** Opening DATASET EXTRACT block **

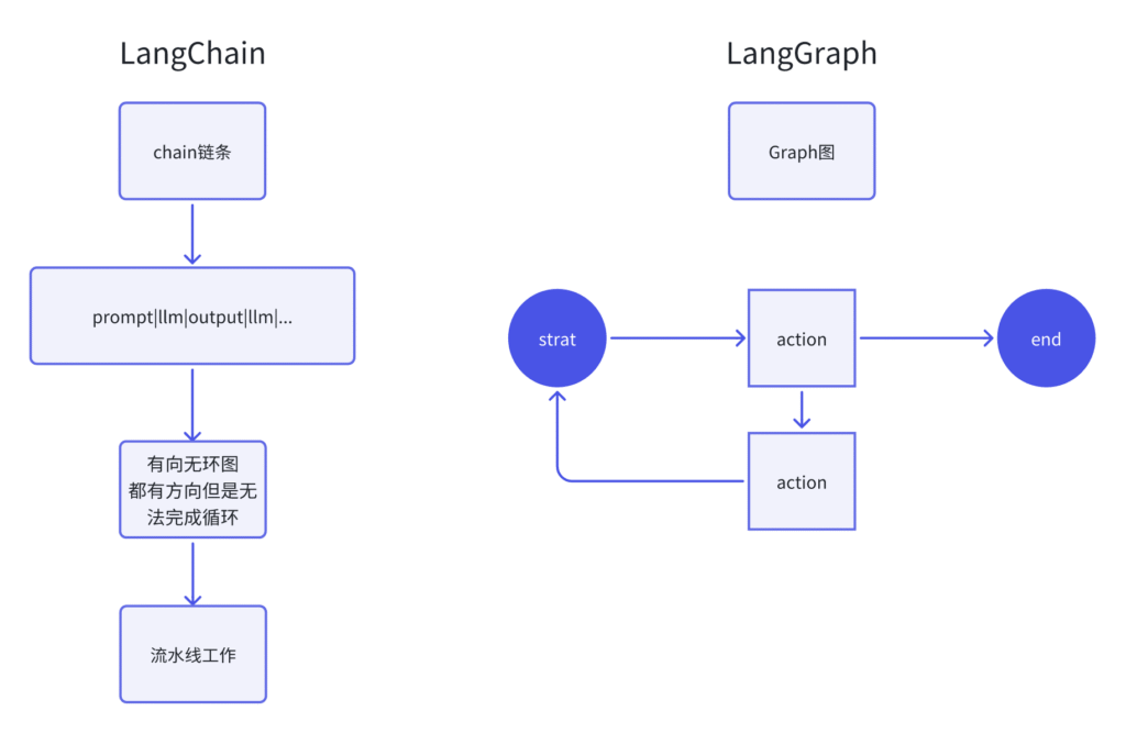 - LangGraph是图状(Graph)结构,支持任意的节点连接
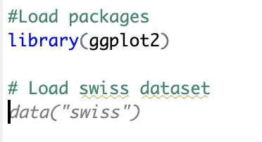 As a first library, the package ggplot2 is needed for visualization and load of the dataset "swiss".
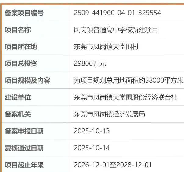 凤岗镇普通高中学校新建项目,正式完成投资备案。
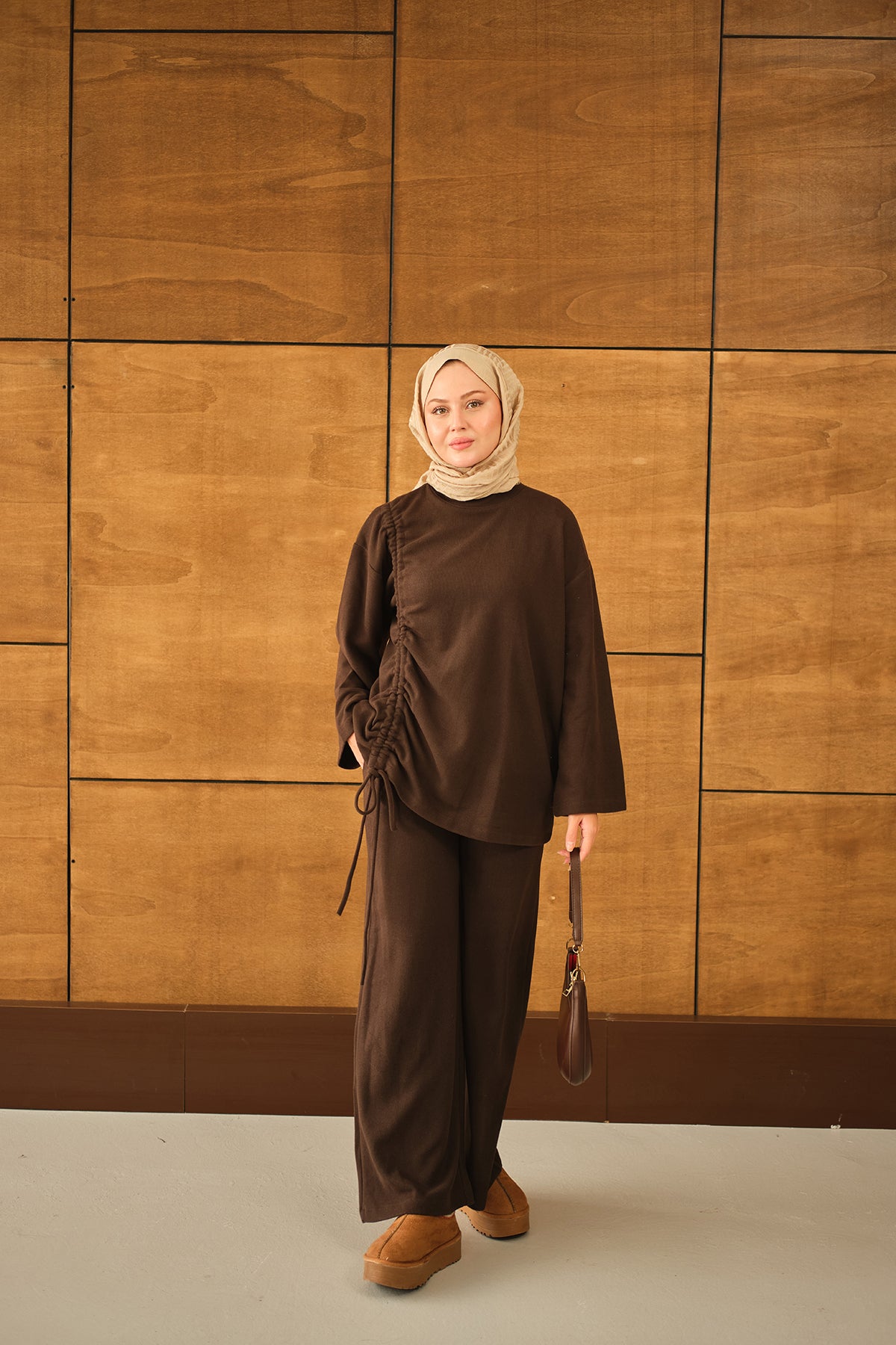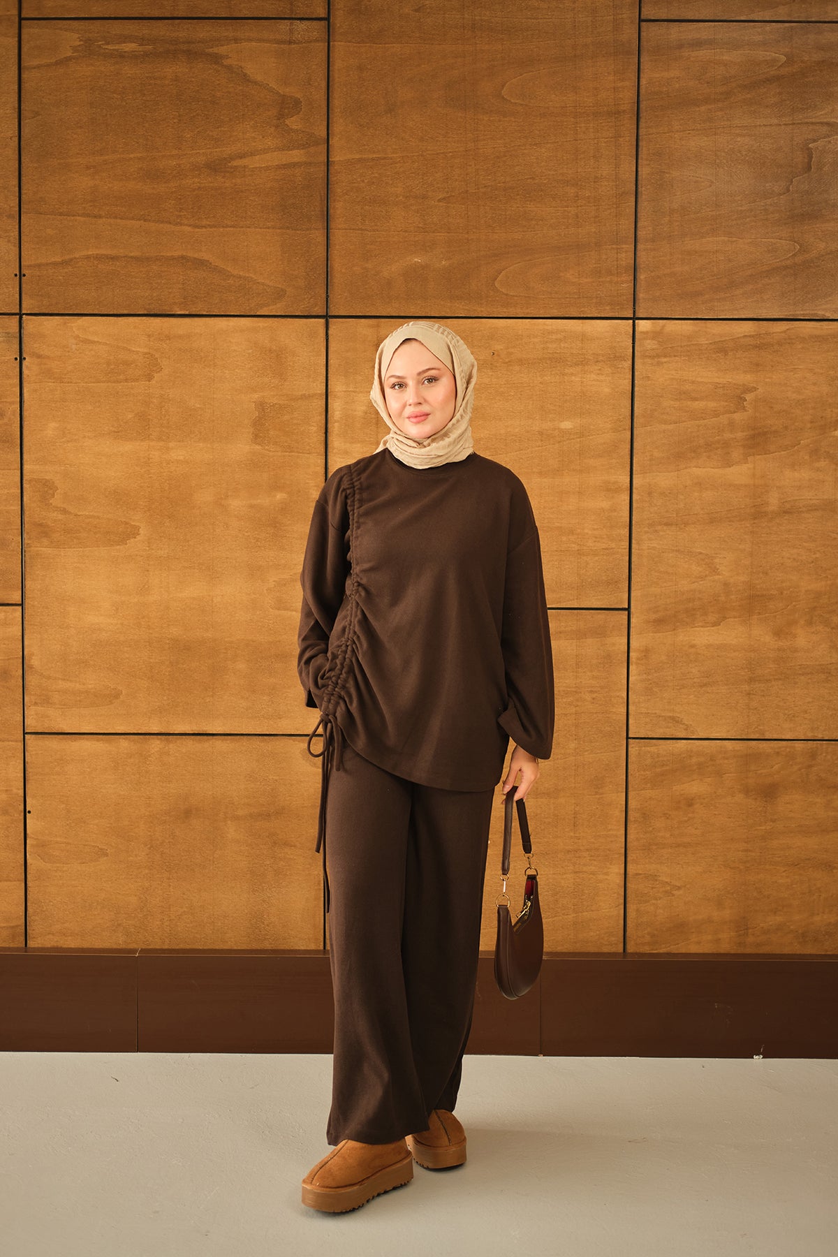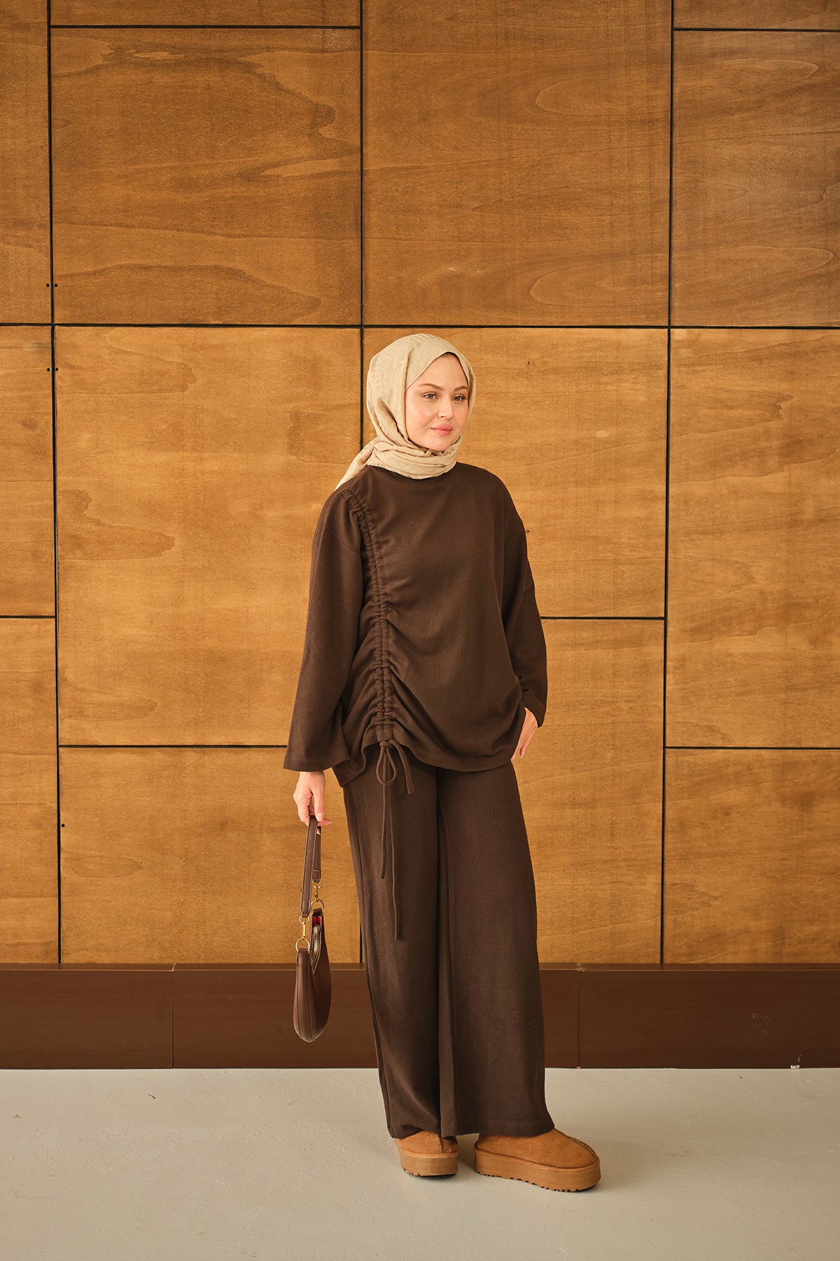 Yan Bağlamalı Takım Kahverengi

** Closing DATASET EXTRACT block **

* **EXERCISE PROMPT**
Whenever you reach a picture, pass over it; print all the other material exactly.

* **PROBLEM SOLUTION**
 - LangGraph是图状(Graph)结构,支持任意的节点连接
 As a first library, the package ggplot2 is needed for visualization and load of the dataset "swiss".
 凤岗镇普通高中学校新建项目,正式完成投资备案。
 Yan Bağlamalı Takım Kahverengi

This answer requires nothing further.